The other inconsistency is that Nasdaq states Citadel's Quote Stuffing algorithm ran in PENN between 13:32:53.029 and 13:33:00.998, but both direct feed and SIP data shows it ran between 13:32:48.875 and 13:33:04.525. This is clear in the chart below: the red is TotalView activity, the blue is the SIP (which is stacked on top, not behind).
Let's zoom in on one second of time and look at data from both TotalView (Nasdaq's direct feed) and the SIP, when Citadel's Quote Stuffing strategy was running in Penn National Gaming Inc. (symbol PENN).
Each pixel along the x-axis is 1 millisecond (1/1000th) of time. The blue line shows the number of quotes sent by the SIP during each millisecond. The red line shows the number of order messages recorded in TotalView (DF, the direct feed) each millisecond. Lastly, the green line shows the lag between the SIP and the TotalView. According to Reg NMS, there shouldn't be any lags: but there are many. You should know that the lag to the SIP isn't confined to PENN - all other stocks process by the same network/computer will experience the same lag.
What is the benefit of a lag? For one, latency arbitrage is enhanced, especially if the lag is predictable, which it would be for someone running a Quote Stuffing trading strategy. The type of firm that would benefit the most from latency arbitrage would be an internalizer - someone that matched retail stock trades based on the slower SIP, but could buy and sell the same stocks on the faster direct feed. By the way, Citadel's bread and butter is internalizing (matching) retail stock trades.
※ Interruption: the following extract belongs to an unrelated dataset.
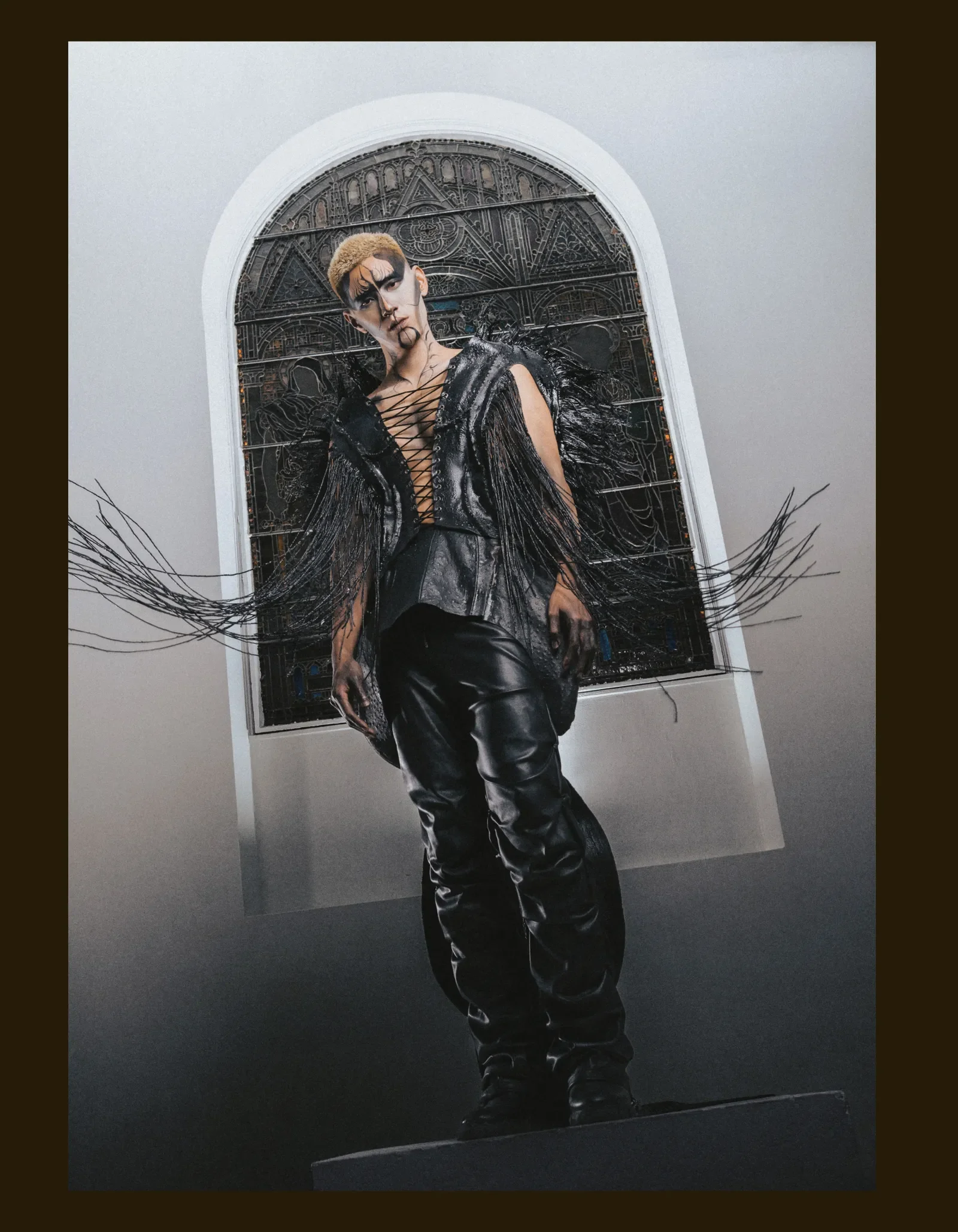 Kai Wang, Model & Drag artist wears the Devobula jacket and skirt from the Thesis Zenith Collection. I had to honor of also being his personal makeup artist for the evening and shoot.

Another benefit is that lags throw off smart order routers, and that can enhance HFT's ability to pick off stale dark pool orders (many of which are priced on the SIP), as well as allow them to get out of the way of a large order (see this example of a trade we documented in detail).
Direct feeds can also be slowed down: see this detailed examination of delays in NYSE's OpenBook caused by Quote Stuffing.
The chart below zooms in on a 200 milliseconds. Note how quotes from the SIP come to a full stop several times, with some lasting up to 16 milliseconds. After the stop, the SIP then sends a burst of these stale quotes to subscribers who have no idea the quotes are old because the SIP replaces the timestamps when they are transmitted (this page has nice animation of how this works)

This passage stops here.